Comparison of PWM and PAM

Keith Anderson, CEO of Radiant Research, describes the difference between PWM and PAM for driving LEDs (see Footnote for basic definitions of PAM and PWM):

LED driver control systems embedded within LED fixtures may be classified into three generations of increasing intelligence and sophistication:

• Generation 1: Open-loop electronic control systems are the simplest types, providing no control over the LED array. For example, if one or more LED(s) fail within a fixture and no action is taken by the control system then rapid failure can occur. This type of system will not prevent thermal or current runaway.

• Generation 2: Feedback electronic control systems are slightly more intelligent, being able to detect simple environmental conditions to safely power-down a fixture. For example, if an LED fixture begins to overheat due to a fault, the system will shut down the lamp.

• Generation 3: Closed-loop electronic control systems are active real-time systems that continuously monitor the fixture and its environment. The fixture output is adjusted according to a series of parameters, independent of conditions. For example, this type of controller can simultaneously monitor the LED temperature(s), room temperature, LED array brightness and color output, and ambient lighting conditions. It can then dynamically adjust the LED array output to maintain desired brightness, color, CRI and CCT values.

Most fixture manufacturers including Color Kinetics have historically based their lighting technology on generation 1 controllers and several now include thermostat (overheating) type functions. The Radiant Research patents are based on generation 2 & 3 controllers.

LED lighting fixture With PWM driving techniques, only frequency and duty cycle can be used to change LED intensity and this has limited application.

By using PAM, changes may be made to the frequency, duty cycle and more importantly the amplitude. This enables the control system to be used in applications other than architectural, stage & theatre lighting, such as machine vision lighting synchronization, mobile phone / digital camera flash and automotive.

The driver technology enables pulsing of LEDs for a variety of industrial applications, including traffic signals, positional lighting and displays. The patent offers the designer the opportunity to use pulsing, or to switch to DC, as both options are covered within the same technique. For example, if the duty cycle is set at 100%, the amplitude can still be controlled to vary the LED intensity.

Advantages of PAM over PWM

The technology allows for a change in the drive signal shape – for example from a square wave to a cycle wave – to enable a reduction in EMC and signal noise ratio (SNR). With PWM drivers, the square wave is fixed.

PAM/generation 3 controllers increase the lifetime of any LED fixture by maximizing the light output for any given thermal environment independently of the thermal design of the fixture. This allows for consistently-high output intensity irrespective of errors in design or manufacturing tolerances.

TV studio application Driving systems utilizing generation 1 & 2 controllers have to under-drive the LEDs to allow for over-compensated designs and errors in thermal design, and to take into account the environment in which the fixture is used.
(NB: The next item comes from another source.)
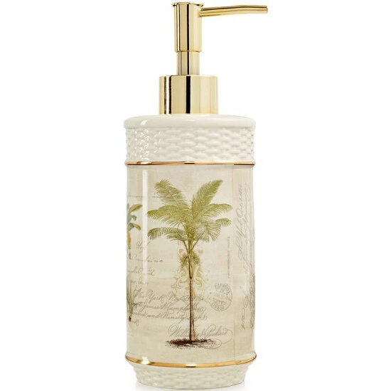 The tropical motif and soothing neutrals of lotion pump from the Colony Palm bath accessories collection brings stylish ease to your bathroom, featuring palm tree accents, script and textured details.
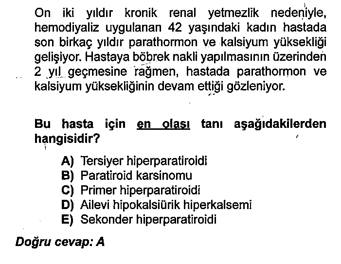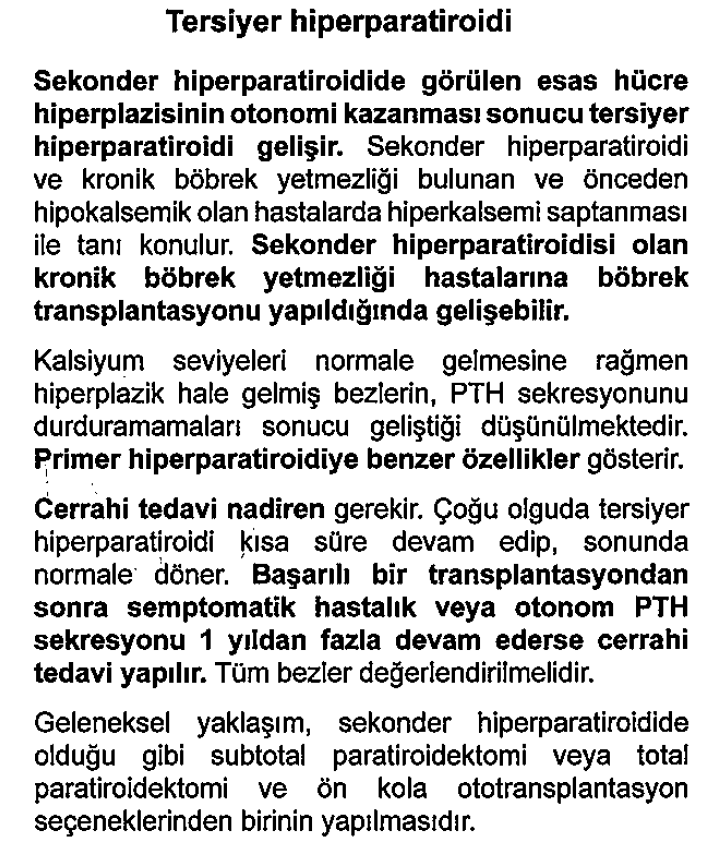 Tersiyer hiperparatiroidinin en sık nedeni; Sekonderin otonomi kazanması

Since generation 1 & 2 drivers cannot compensate for environmental variations, most fixture manufacturers drive (for example) 3-watt LEDs at a 2-watt rating to allow for unknown operating temperatures. Of course, this reduces the available light output by one third.

Since generation 3 drivers compensate for the temperature and lifetime variation of individual LEDs, the resulting effect is an extended useful life of the fixture with optimized light output.

The output of a typical red/amber LED can decrease by as much as 80% as the temperature rises, for the same forward current value. Therefore, if the color of an RGB light is fixed by the user, the actual output color will drift over a normal temperature range even when using PWM driving techniques. However, generation 3 controllers can compensate by using closed-loop feedback.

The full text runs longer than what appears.